Mengingat kedua tokoh dengan prestasi tinggi itu lahir di Kauman Yogyakarta, maka sangat penting bagi kita untuk mengetahui kondisi kampung itu. Langkah ini perlu, sebab peran lingkungan sangat vital dalam tumbuh-kembang seseorang.
Tentang Kampung Kauman Yogyakarta, Ahmad Adaby Darban menulis di Ensiklopedi Muhammadiyah (2015: 161). Menurut dia, Kauman adalah sebuah komunitas santri. Dari sisi nama, Kauman berasal dari kata ‘pa-kaum-an’.
Di sebutan itu, ‘pa’ bermakna tempat. Sementara, “kaum” dari kata qaimuddin yang punya makna penegak agama Islam. Jadi, Kauman adalah tempat para penegak agama atau ulama.
Peran Masjid Gedhe
Semua bermula dari Masjid Gedhe yang didirikan di sisi barat Alun-alun Utara Keraton Yogyakarta. Terkait hal itu, maka sangat diperlukan unsur masyarakat yang dapat memelihara, mengelola, dan memakmurkan rumah Allah tersebut.
Maka, Sultan Hamengkubuwana I—yang dikenal sangat aktif beribadah—menempatkan para ulama pilihan dari berbagai daerah untuk tinggal di sekitar Masjid Gedhe sebagai pemakmur dan pengelola masjid sekaligus dijadikan abdi dalem dalam urusan keagamaan.
Di masa awal, pimpinan para ulama itu adalah Kiai Penghulu Fakih Ibrahim Dipaningrat (Penghulu Pertama Keraton Ngayogyakarta Hadiningrat).

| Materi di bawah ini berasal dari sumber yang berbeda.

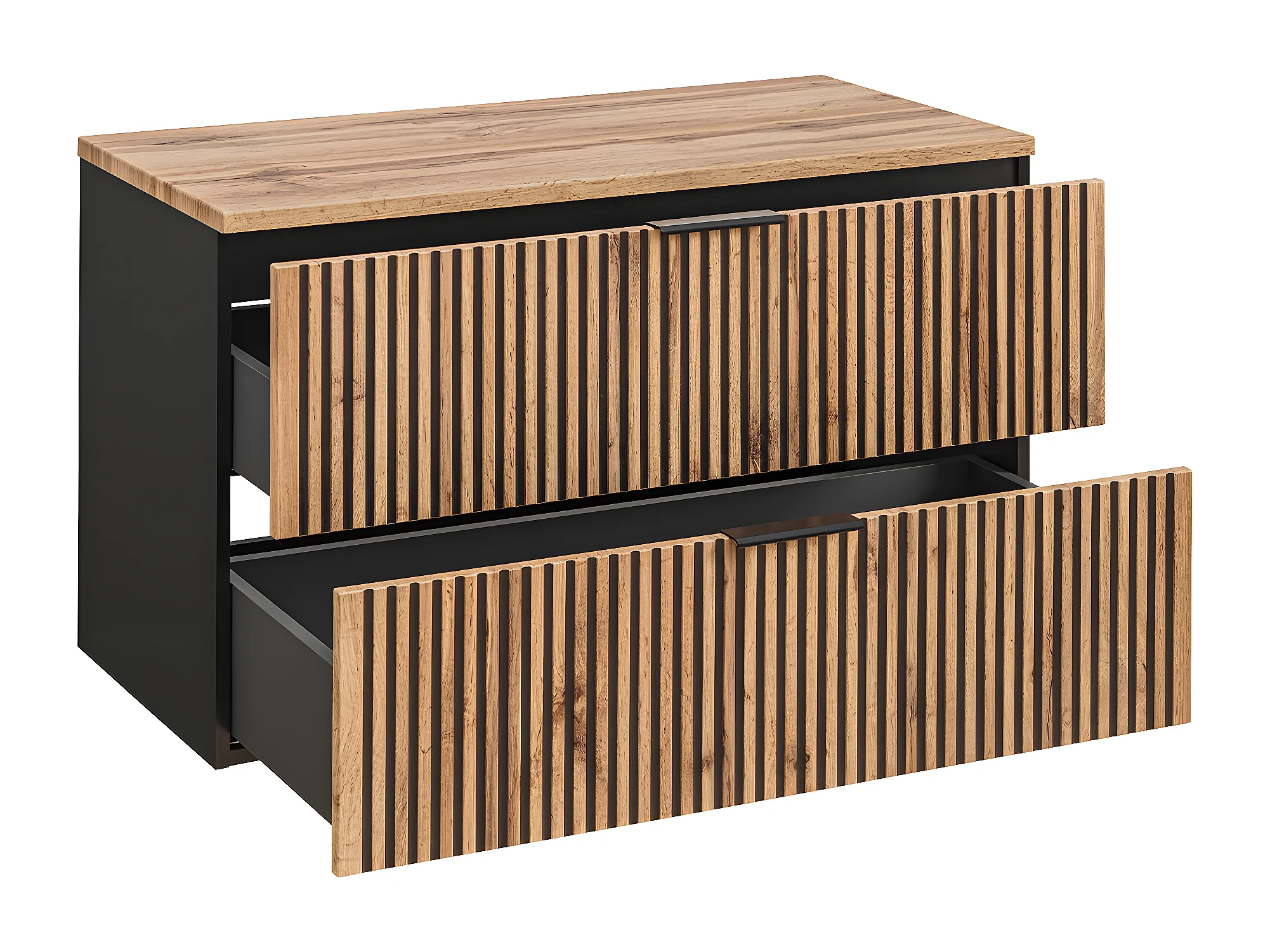 Ensemble meuble simple vasque 100cm et colonne Gaia Bois et Noir - Vasque Noir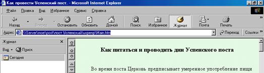 Рисунок 4. Панель Журнал у вікні програми Іnternet Explorer З Іnternet Explorer зручніше за все працювати за допомогою миші. Найважливіші команди можна викликати щигликами на кнопках, розташованих у верхній частині екрана: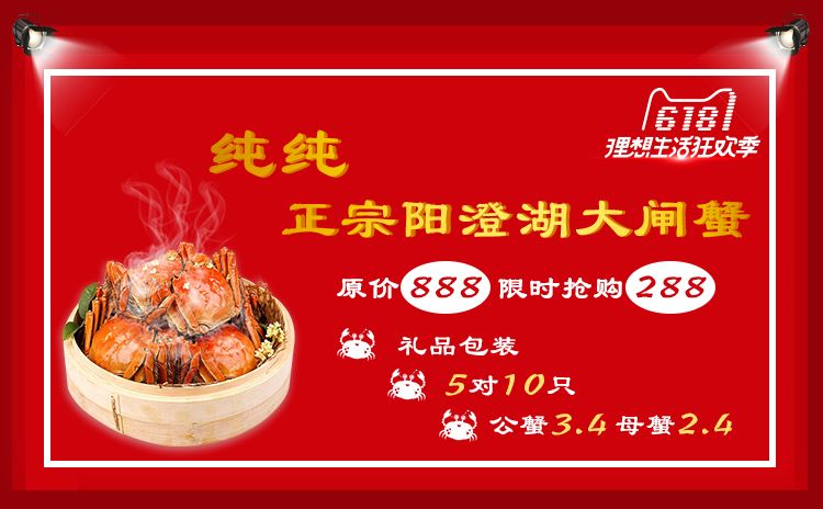 一切不谈价格的促销都是耍流氓,虽然处于预售阶段,但是本次企达的折扣力度之大!价值888元的阳澄湖大闸蟹限时抢购只要288元;平时看着流口水的美味,这次终于可以剁手了。
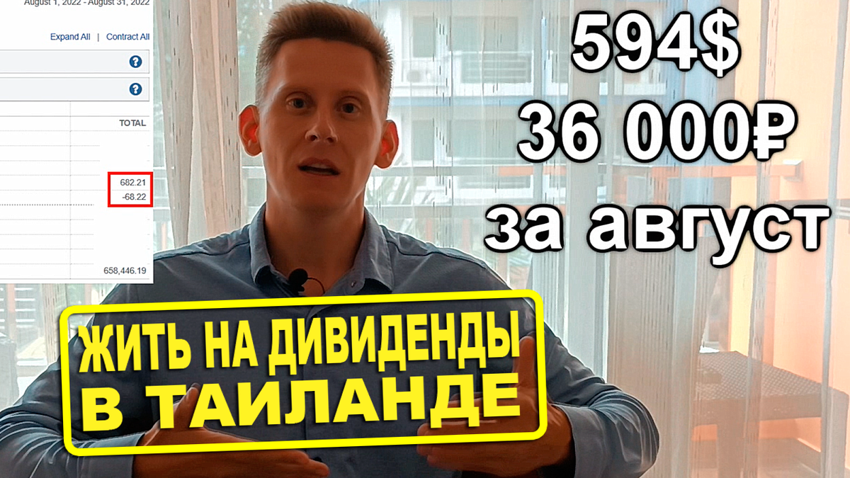 Возможна ли жизнь на дивиденды в Таиланде? Как получать дивиденды по всему миру и жить на пассивный доход? Как добиться финансовой независимости с акций? Друзья, сегодня вторник - время отчетного выпуска рубрики "Жизнь на дивиденды". И я снимаю этот выпуск в Таиланде, потому что это возможно! Просто возможно! Жизнь на дивиденды возможна везде - если вы инвестируете в качественные ценные бумаги у надежного зарубежного брокера. Но давайте сначала посмотрим на цифры пассивного дохода. Август - промежуточный дивидендный месяц, так что выплата за август не очень большая - "всего лишь" 594$ дивидендов после налогов (или 36000 рублей по курсу на отчетную дату). Вроде бы совсем немного, да. На такие дивиденды в Таиланде жить не будешь. Но не забывайте, что важно оценивать ДЛИТЕЛЬНУЮ дистанцию инвестировать и смотреть на СРЕДНИЕ дивиденды. А вот они уже очень интересные - с начала года я получил 10476$ дивидендов с учетом налогов или в среднем 1310$ в месяц. Уже кое-что, уже неплохо, да? Пр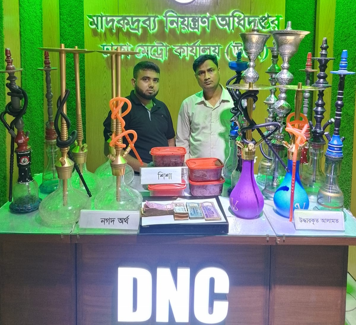 সাঁড়াশি অভিযানের পর সেখান থেকে ২৬টি হুঁকা, সাত কেজি আমদানি নিষিদ্ধ সিসা ও মাদক বিক্রির নগদ অর্থ উদ্ধার করা হয়।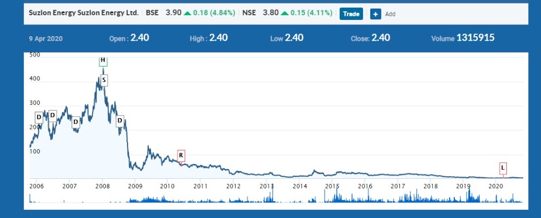 याचे नेमके उदाहरण म्हणजे सुझलॉनमध्ये गुंतवणूक करणार्याच्या हातात काय शिल्लक आहे ते बघा. २००८ साली रु. ४५९ आणि २०२० मध्ये रु.३.६५. आजही पवन उर्जेची गरज तीच आहे, पण एकेकाळी चांदी असलेला शेअर आज कथिलाच्या भावाचा पण नाही.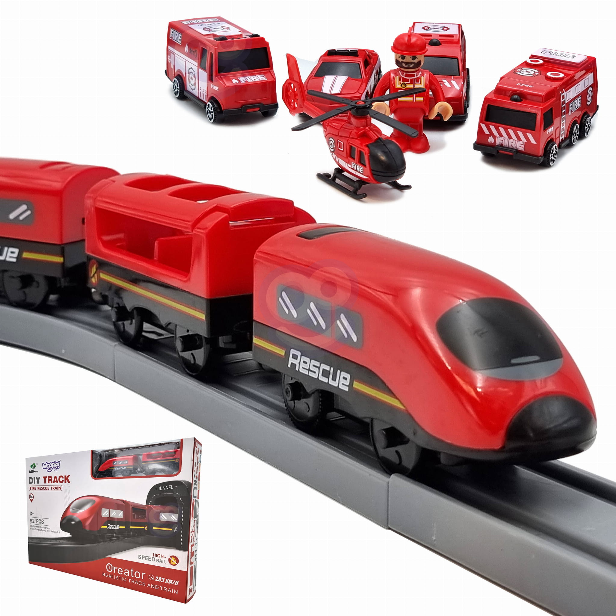 Ten rozbudowany zestaw to marzenie każdego małego maszynisty – lokomotywa zasilana dwoma bateriami AAA, wagoniki, komplet torów (w tym most i tunel), remiza, auta strażackie, helikopter, znaki i figurki strażaków. Całość zapakowana w kolorowe, oryginalne pudełko – gotowa na prezent

Semua ulama yang ada difungsikan dalam organisasi kemasjidan dengan pembagian tugas yang tertata rapi.
Para ulama dan penghulu yang ditempatkan di sekitar Masjid Gedhe itu kemudian membentuk komunitas santri dengan perkawinan “Indogami Kampung”. Dalam perkembangannya, terjadilah komunitas kampung santri dengan ikatan keagamaan dan kekerabatan.
Dengan demikian solidaritas komunitas ini sangat kuat. Tradisi kesantrian—dengan masjid sebagai pusatnya—memberikan warna tersendiri dalam kehidupan masyarakat seperti dalam hal pendidikan dan pergaulan sehari-hari.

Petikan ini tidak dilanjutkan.